|Matthew Henry's Concise Commentary|
34:18-27 Once a week they must rest, even in ploughing time, and in harvest. All worldly business must give way to that holy rest; even harvest work will prosper the better, for the religious observance of the sabbath day in harvest time. We must show that we prefer our communion with God, and our duty to him, before the business or the joy of harvest. Thrice a year they must appear before the Lord God, the God of Israel. Canaan was a desirable land, and the neighbouring nations were greedy; yet God says, They shall not desire it. Let us check all sinful desires against God and his glory, in our hearts, and then trust him to check all sinful desires in the hearts of others against us. The way of duty is the way of safety. Those who venture for him never lose by him. Three feasts are here mentioned: 1. The Passover, in remembrance of the deliverance out of Egypt. 2. The feast of weeks, or the feast of Pentecost; added to it is the law of the first-fruits. 3. The feast of in-gathering, or the feast of Tabernacles. Moses is to write these words, that the people might know them better. We can never be enough thankful to God for the written word. God would make a covenant with Israel, in Moses as a mediator. Thus the covenant of grace is made with believers through Christ.

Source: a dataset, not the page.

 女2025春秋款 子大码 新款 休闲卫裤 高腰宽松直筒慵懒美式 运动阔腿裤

Verses 27-35. - FINAL DESCENT OF MOSES FROM SINAI. The covenant having been renewed, Moses prepared to descend, having first however received a command to commit to writing the words of this second covenant (ver. 27). He received back the tables from God, inscribed with the Ten Commandments, and after a stay in Sinai of equal duration with the former one (ver. 28), descended, having the tables in his hands. He was not aware that the skin of his face had become radiant (ver. 29), and first learnt the fact by the rulers being afraid to come near him (ver. 30). After conversing with them and with the people he resolved to "put a vail on his face" ordinarily, only taking it of[ when he "went in before the Lord" into the ,, tent of meeting," and when, having received a message from the Lord to the people, he came out to deliver it. Verse 27. - Write thou these words. Literally, "write thee these words" - i.e., "write them for thyself and for thy people." According to the tenor of these words have I made a covenant. That is, "the covenant on my part is conditional on the observance of these words on the part of Israel." The "words" intended are those of vers. 10-26.

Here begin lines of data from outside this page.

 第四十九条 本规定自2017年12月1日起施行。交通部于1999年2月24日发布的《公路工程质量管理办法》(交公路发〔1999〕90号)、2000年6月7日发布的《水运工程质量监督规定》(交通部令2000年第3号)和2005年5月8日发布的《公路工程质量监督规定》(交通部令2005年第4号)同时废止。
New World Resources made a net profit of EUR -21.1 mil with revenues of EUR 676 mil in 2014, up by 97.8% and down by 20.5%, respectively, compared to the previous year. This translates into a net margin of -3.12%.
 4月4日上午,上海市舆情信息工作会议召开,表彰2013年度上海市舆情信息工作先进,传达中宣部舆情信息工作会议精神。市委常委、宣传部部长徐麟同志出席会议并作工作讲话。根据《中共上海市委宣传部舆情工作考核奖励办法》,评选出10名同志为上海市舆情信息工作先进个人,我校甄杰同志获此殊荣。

Gill's Exposition of the Entire Bible
And the Lord said unto Moses,.... Being still with him on the mount:
write thou these words; expressed in the preceding verses, from Exodus 34:11, as he before had written in a book all those laws, contained in Exodus 21:1 called the book of the covenant, Exodus 24:4 and which perhaps might be destroyed, as well as the two tables were broken; and therefore upon the renewal of the covenant here, there is a repetition made of the principal laws before given, which are ordered also to be written in a book, which may very well be called by the same name, since it follows:
for after the tenor of these words I have made a covenant with thee and with Israel, with Moses, as their representative and mediator, and with them represented by him: what is above related carries in it the form of a covenant between them, God having declared on his part what he would do for them, and what laws and rules he required to be observed on their part; which Moses assented to in their name, and was ordered to write them down, that he might repeat them to them.
Jamieson-Fausset-Brown Bible Commentary
27, 28. And the Lord said unto Moses, Write thou these words—that is, the ceremonial and judicial injunctions comprehended above (Ex 34:11-26); while the rewriting of the ten commandments on the newly prepared slabs was done by God Himself (compare De 10:1-4).